After Cipel left state government, he and McGreevey only crossed paths on “two or three occasions,” although they did speak more regularly on the telephone, his lawyers said.

But on July 23, Lowy says he informed McGreevey’s staff that he planned to file a lawsuit against the governor for his alleged inappropriate conduct toward Cipel.

That set off a flurry of negotiations between Lowy and an assortment of officials from McGreevey’s office that ended a mere 30 minutes before McGreevey came out live to the world at the Thursday’s press conference.

Although Lowy refused to talk about specific numbers, sources close to the governor claimed that Cipel’s camp first demanded a staggering $50 million, then dropped the demands to $5 million and then to $2 million to make the sex-harassment suit go away.

But sources said Cipel added a surprise demand: that the governor allow Manhattan-based Touro College to go ahead with plans to build a medical school in New Jersey.

“This immediately raised eyebrows,” one of the sources said, because it suggested a link between Cipel and ex-New Jersey Sen. Robert Torricelli, who is Touro’s lead adviser on the project.

The source said McGreevey aides asked themselves: “What does Cipel have to do with Torricelli?”

The talks broke off minutes before McGreevey announced he was resigning.

“The governor doesn’t have that kind of money, and he will not be extorted,” the source said.

But Lowy claimed that a deal had already been struck on the financial particulars and that he was awaiting word on whether McGreevey had agreed to other unspecified conditions when the lawyer’s secretary came in to tell him that the governor was on TV.

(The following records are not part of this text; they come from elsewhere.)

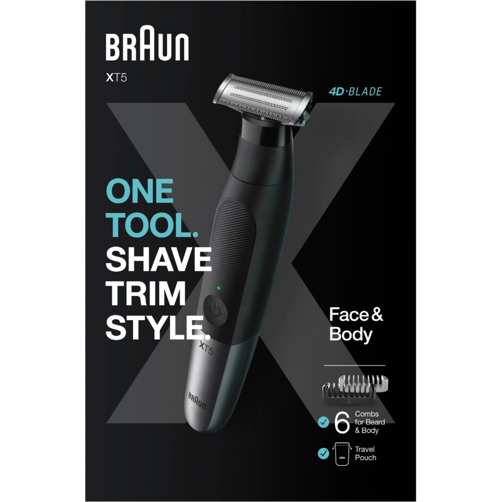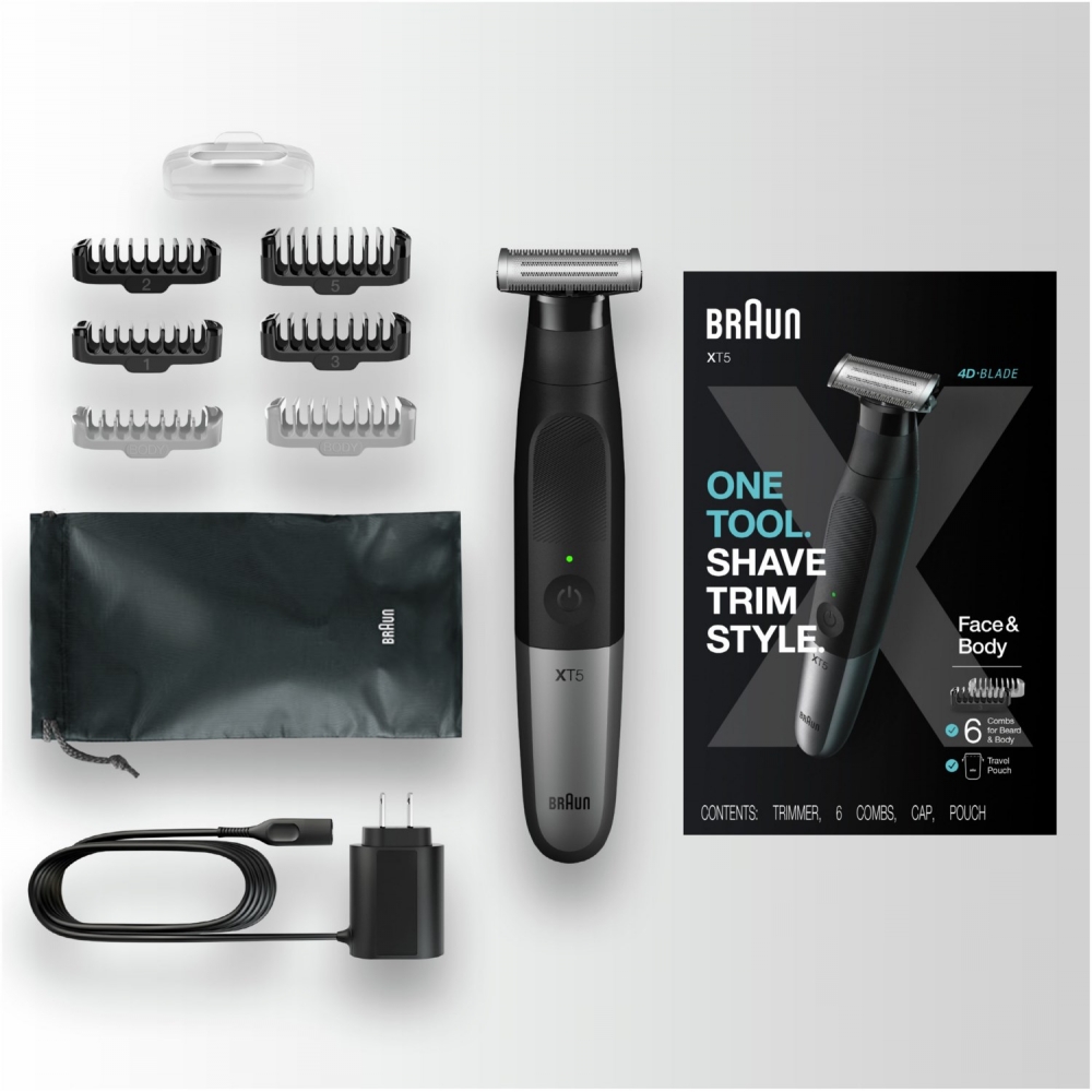 Der Braun Series XT5 ist ein Barttrimmer, Bodygroomer und Elektrorasierer für Herren – alles in einem Gerät. Die 4D-Klinge sorgt für eine einfache und komfortable Rasur, die gleichzeitig sanft zur Haut ist. Der Trimmer und Rasierer ist zu 100% wasserdicht und kann nass oder trocken verwendet werden.
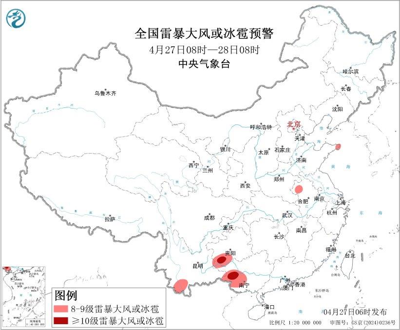 强对于淌天色蓝色预警 展望4月27日08时至28日08时,黄淮区域东部战东北部、东北区域北部、华北区域西部等天的局部区域将有8级以上雷暴年夜风或者冰雹天色,个中,贵州东北部、广西西部等天的个别区域将有10级以上雷暴年夜风,最年夜风力可达11级以上;黄淮区域东北部、东北区域东部战东北部、江北区域西部、华北区域中西部等天的个人区域将有小时雨量年夜于20毫米的欠时强落火气象,个中,湖北东部战东北部、广东南部等天的局限区域小时雨量年夜于50毫米,最年夜可达60毫米以上。
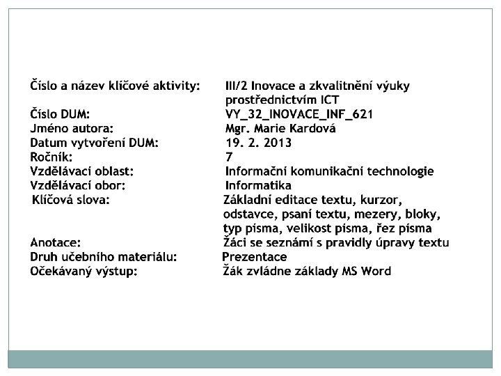 Prohlašuji, že při tvorbě tohoto výukového materiálu jsem respektovala všeobecně užívané právní a morální zvyklosti, autorská a jiná práva 3. osob, zejména práva duševního vlastnictví dle zákona č. 121/2000 Sb. (autorský zákon). Nesu veškerou právní odpovědnost za obsah a původ svého díla. Prohlašuji dále, že výše uvedený materiál jsem ověřila ve výuce a provedla o tom zápis do TK. Dávám souhlas, aby moje dílo bylo dáno k dispozici veřejnosti k účelům volného užití (§ 30, odst. 1 zákona 121/2000 Sb. ), tj. že k uvedeným účelům může být kýmkoliv zveřejňováno, používáno, upravováno a uchováváno. Datum: 19. 2. 2013 Autor: Mgr. Marie Kardová
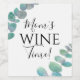 Ces étiquettes de bouteille de vin amusantes sont décorées de feuilles d'eucalyptus à l'aquarelle et des mots "C'est l'heure du vin de maman !"
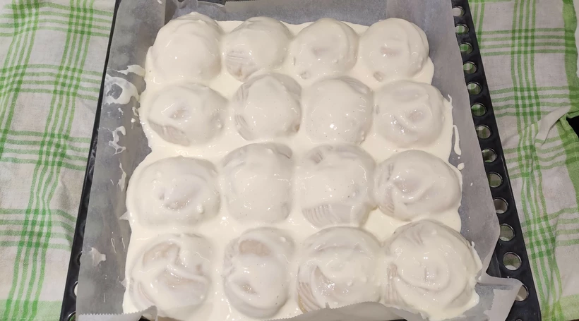 5. Előmelegített, 200 °C-os sütőben aranybarnára sütjük.
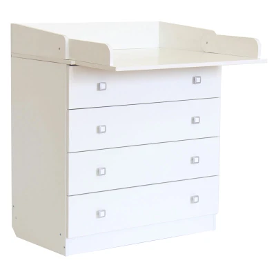 General description The Kidsaw Kudl Kids 4 Drawer Unit 1580 with Changing Board and Storage in White combines high quality with an appealing design, making baby care easier. The practical changing table features four spacious drawers that provide ample storage space for all necessary items, keeping your hands free for your child. Its discreet design allows it to fit seamlessly into any room and style of living. The foldable changing mat saves space and transforms the changing table into a chest of drawers once your child no longer needs it. Technical specifications Dimensions (HxWxD): 92 cm x 80 cm x 47 cm Weight: 38 kg Changing area dimensions (WxD): 74 cm x 77 cm Other information Manufactured from environmentally friendly materials: MFC chipboard from Kronospan (Austria), high-quality paint, and reliable fittings Complies with European standards DIN EN 716: 1 for baby and child safety Features ergonomic handles and removable changing mat that leaves no marks on the dresser
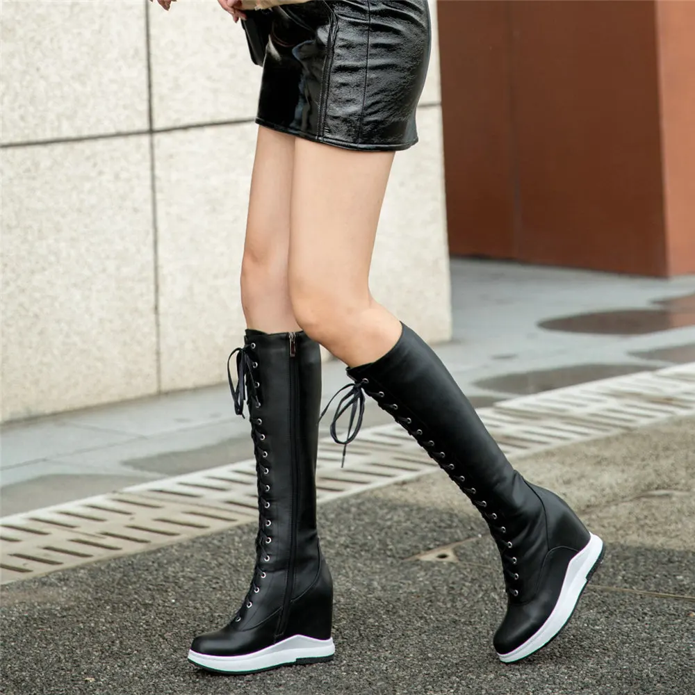 Отзывы о Кроссовки женские из натуральной кожи на шнуровке высокий каблук повседневная
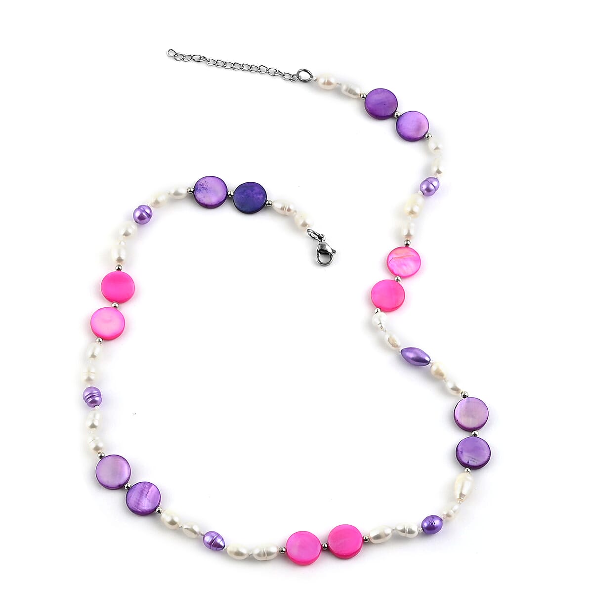 Purple and Coconut Shell Pearl, Purple and White Freshwater Pearl Necklace 20 Inches in Silvertone and Stainless Steel
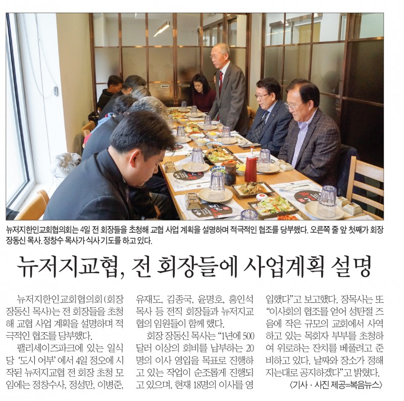 뉴저지교협, 전 회장들에 사업계획 설명
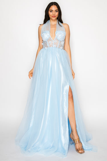 Dreamy halter gown with a sheer floral-embroidered bodice, flowing tulle skirt, and thigh-high slit. A fairytale look made for special occasions.
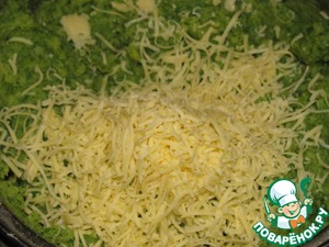 Твердый сыр натереть на мелкой терке и добавить к картофелю.
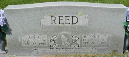 Parents: Sylvester & Ann Eliza (Harris) Reed. 1887 Birth: 11-25-1887 Floyd Co., VA. 1890, 1900 Residence: Floyd Co., VA with parents. 1910 Residence: Pulaski Co., VA with parents. Marriage #1: Mary Purdy, b. 12-2-1887, d. 1-22-1966. 1948 Death: 4-17-1948. 1948 Burial: Sifford Cemetery, Parrott, Pulaski Co., VA. (with Mary Purdy Reed)
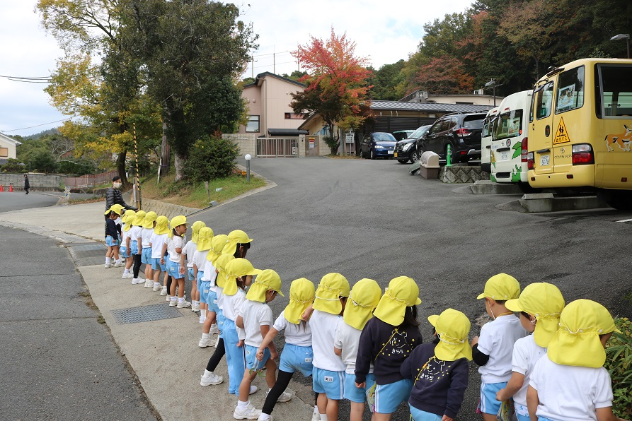 一列に横に並んで「よーいドン!!」で門まで坂道ダッシュの競争!
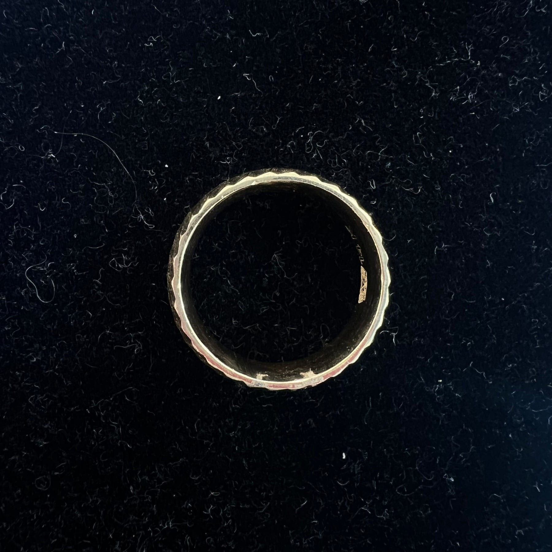 14k yellow gold (Size: fits snug 5.5-5.75, width 7.2mm, unable to be resized)
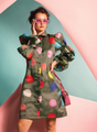 Olive green tafetta silk polka dotted dress with bubble exaggerated sleeves
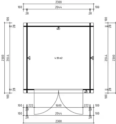 - Largeur (avec débord de toit) : 230 cm
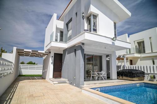 Apresentando uma piscina exterior, um jardim e uma área de praia privada, Hi royal villa fornece acomodações em Perivolia com acesso Wi-Fi gratuito e vista da piscina. O alojamento apresenta acomodações com ar condicionado e uma varanda.
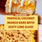 These Coconut Mango Bars with Lime Glaze are a tropical treat combining a buttery oat and coconut base with a sweet mango filling, all topped with a tangy lime icing. Perfectly balanced with a soft, crumbly texture and a refreshing citrus glaze, they make a delightful dessert or snack that’s easy to bake and sure to impress.

Sean Jackson, a vice president of Rosemont Associates, a consulting firm run by Torricelli, said the company has been advising Touro on opening a medical school in the state since December 2003.

“During this time, Cipel has never been present at any meeting. He has never been involved in any conference calls. We’ve never talked to the guy,” Jackson said. “We find the whole thing bizarre.”

Asked where Cipel is currently hunkering down, Lowy would only say that his client was “in the country.”